The first part of chapter 8 covers two of the most notable events of the Kennedy administration: the Berlin Crisis and the Cuban Missile Crisis. The remainder of the chapter covers the SIOP in the aftermath of these crises and the cancellation of the B-70 Valkyrie and Skybolt air-launched nuclear missile. Both platforms were victims of changing strategic conditions and were now vulnerable to Soviet air defenses as well as competing systems from the navy in the shape of ballistic missile submarines and the development of the submarine-launched ballistic missile Polaris, which offered Assured Destruction and an assured second strike capability which enhanced the deterrent effect of US strategic forces. This, in turn, helped diminish ideas of “victory” in any nuclear war, which in the early years of America’s air-atomic strategy had been conceived by the USAF and SAC. These changes are addressed in the conclusion.
Overall, this book gets better as it goes on, but its structure does not help the flow of the narrative. Its mix of themes should have been better thought through in terms of readability and structured more coherently. The work does, however, offer some new and insightful information.
Kaplan deserves credit for his mining and navigation of the declassified documentary record and what remains classified varies wildly in nuclear weapons states. There is usually a rich seam of (not always accurate) open source material to mine and perhaps for this reason book-length treatments of nuclear history tend to stay rooted in the 1940s to early 1960s. In 2015, and into 2016, my hope is that more of the records from the 1970s and 1980s have been declassified as they have been in the United Kingdom. If the UK is the exception (in adopting a 20-Year Rule alongside a Freedom of Information Act that provides rapid decisions regarding releases and retentions), why is this? I would like to see our scholarship provide a better understanding of the policies and strategies of the US-Soviet strategic relationship, their erstwhile allies in the North Atlantic Treaty Organization and the Warsaw Pact, and other nuclear weapons states (including proliferating states, such as South Africa, who turned away from this path) during the post-1964 period.
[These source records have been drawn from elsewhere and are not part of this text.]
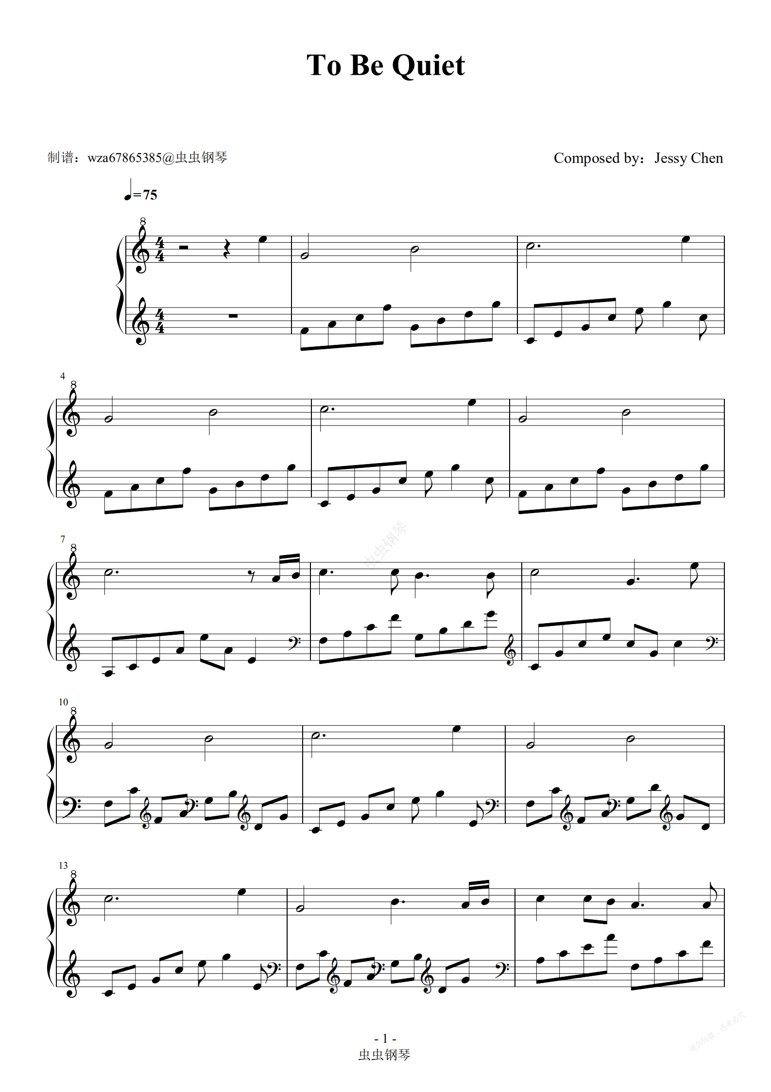 钢琴谱:To Be Quiet
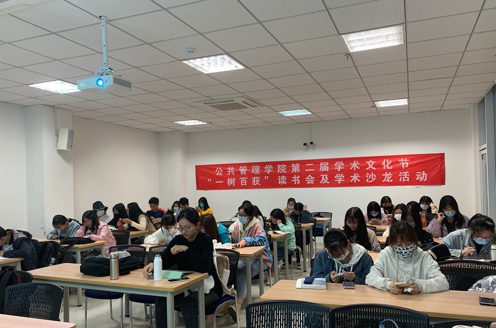 学术文化艺术节系列活动之“一树百获”读书会。本次读书会由高晓蕾同学主持,行管20级全体同学参与。
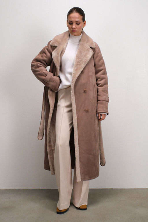 Элегантное двубортное пальто-дублёнка из мягкого эко-меха. Классический английский воротник и удобные карманы добавляют практичности, а рукав реглан обеспечивает идеальную посадку. Декоративный хлястик с пуговицей на рукаве придает изделию завершенный вид. В комплекте пояс.
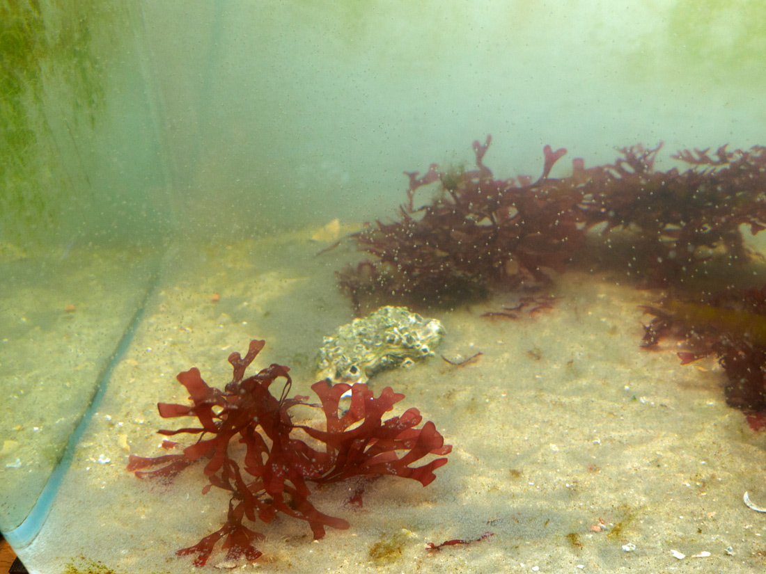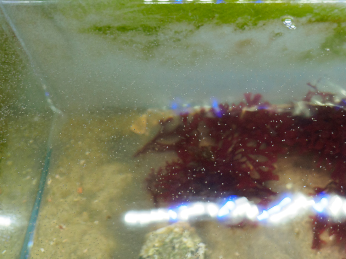 Die sandigen Flecken im Kreisel sind noch Schwebstoffe aus dem Nordseewasser, ich hatte den Kanister nicht vorsichtig genug gehandhabt. Aber den Larven ist das egal. Morgen kommt eh alles raus, dann gibt's UV-behandeltes Wasser und Absolute Ocean als Mix. Dann trennt sich in der Sortierschüssel die Spreu vom Weizen, die schnellsten am Licht werden weiter großgezogen.
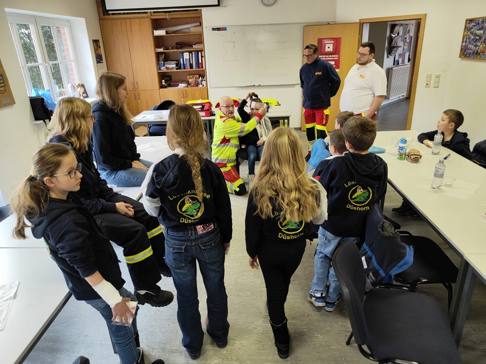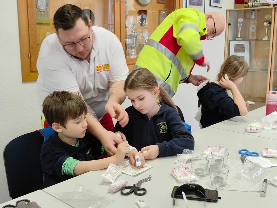 Erste Hilfe ist wichtig und durch regelmäßige Auffrischung des gelernten wird man sicherer bei der Anwendung. Diesmal war der ASB-Regionalverband Südheide „zu Besuch“ .Frank, Manuel und Manfred sorgten für einen interessanten Vormittag. Die Löschknirpse lernten wie man Hilfe anfordern kann wenn sich jemand verletzt hat, Pflaster und Verbände anzulegen, und was bei den verschiedenen Verletzungen zu tun ist.
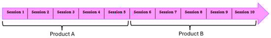 Overview of the crossover study design. Each cat received gabapentin or a placebo for five consecutive training sessions, followed by the alternate product for five sessions. The order of administration (AB or BA) was randomized.
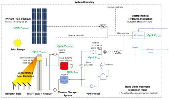 In this study, the AEL system is operated in standby mode when less than the minimum AEL power input is available, consuming then 1% if it is nominal power without producing hydrogen. The model is designed in a way that this standby-mode electricity demand can always be covered. In case that not enough electricity for standby mode operation is available, the difference is covered by additional electricity which represents an additional source, e.g., a battery system. The electricity cost for was defined with the interactive online tool of a cost outlook study for electricity storage systems [23,24]. With this tool a levelized cost of storage (LCOS) of 150 USD/MWhel was determined assuming a battery storage with 365 annual cycles and a discharge duration of 12 h. The cost of charging was set to zero, assuming that surplus electricity during daytime can be used for charging. is introduced here to simplify the system for the overall design optimization without considering an operational strategy of the TES. In a more detailed analysis of a predesigned PV/CSP hybrid hydrogen production plant, an operational strategy of a combination of TES and a battery storage could be also considered, but this is beyond the scope of this work. Different hydrogen production concepts were analyzed by varying the optimization variables constraints.
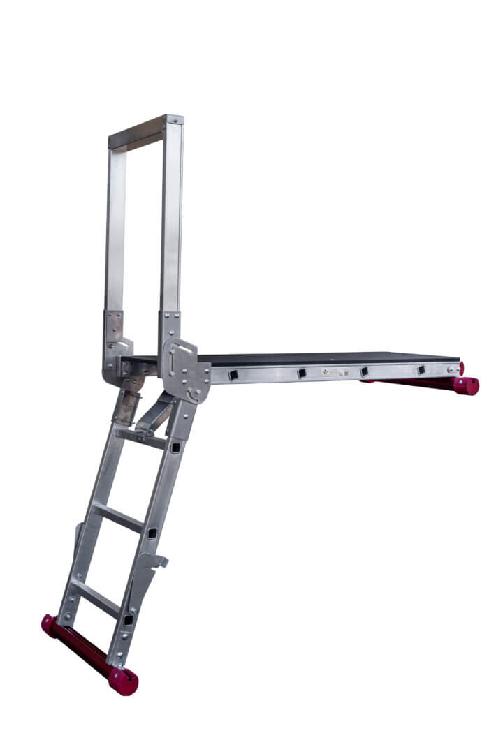 Porrastaso ammattikäyttöön. Kokoon taittuva, turvallinen nivellukitus. Liukuesteet ovat TPE-muovia, joilla on erinomaiset pito-ominaisuudet. Tason koko 125 cm x 45 cm. Kantavuus 150 kg. Paino vain 15 kg. Täyttää VNa-205/2009 -vaatimukset ja rakennusyritysten tikasohjeet.
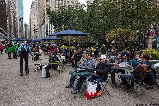 Знаменитые нью-йоркские общественные стулья и столики. Они повсюду.
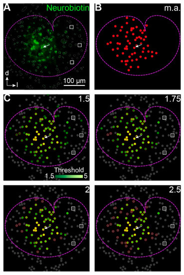 Confocal images were processed using Fiji software [37]. Since not only the tracer-coupled network but also cells that express endogenously biotin promote avidin signals, a semiautomated intensity-based cell detection method was applied to decide objectively which of these cells part of the tracer-loaded network were. At first, all identified cells were marked as a region of interest (ROI) with the oval brush selection tool (gray circles and ellipses in Figure 2A). The ROI manager was then used to measure the mean gray values and the x- and y-coordinates. Then, three of these cells, which were distant from the patched cell but still inside of the LSO borders, were chosen (white squares in Figure 2A,C). The mean gray values of these three ROIs correspond to the background intensity. For subsequent analysis of the tracer-coupled networks, cells that exhibited a signal with intensity 1.75 times the intensity background level were chosen.
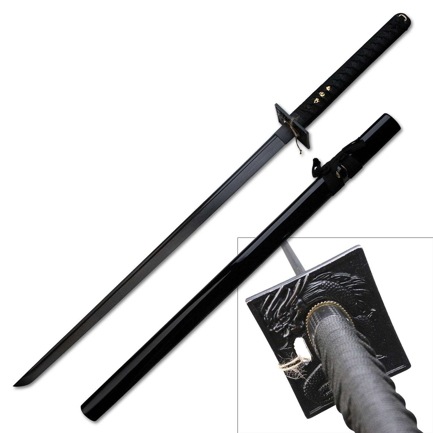 - Svart blad med blodränna: Det svarta bladet ger svärdet ett elegant och mystiskt utseende, medan blodrännan bidrar till både design och funktion.
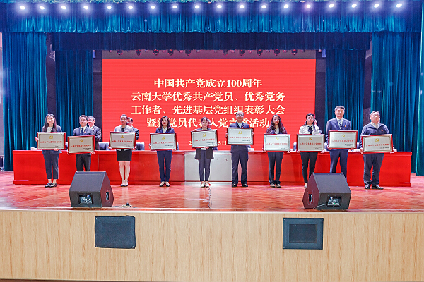6月25日,中国共产党成立100周年云南大学优秀共产党员、优秀党务工作者、先进基层党组织表彰大会暨新党员代表入党宣誓活动在呈贡校区学生会堂举行。新党员代表入党宣誓暨在场老党员重温入党誓词,颁发“光荣在党50年”纪念章,对优秀共产党员、优秀党务工作者、先进基层党组织予以表彰,共同回顾党的光辉历程,激励全体党员牢记为党育人、为国育才使命,以优异成绩庆祝建党百年华诞。

I would have found this more valuable than another pre-1964 history/political science book on nuclear weapons. This review is therefore also an appeal to move our understanding into the second half of the Cold War when possible and not only to attempt to further refine what happened in the early years of the Cold War. It poses the question, a question I believe is relevant in helping us understand how today’s nuclear order has come about, as to why we have not seen more full-length book treatments of the nuclear history drawn from the declassified record—work that will move our understanding into the latter half of the Cold War.
Note
[1]. See, for example, Lawrence Freedman, The Evolution of Nuclear Strategy, 3rd ed. (Basingstoke: Palgrave Macmillan, 2003); Fred Kaplan, The Wizards of Armageddon (Stanford, CA: Stanford University Press, 1991); and Robert Jervis, The Meaning of the Nuclear Revolution: Statecraft and the Prospect of Armageddon (Ithaca, NY: Cornell University Press, 1990).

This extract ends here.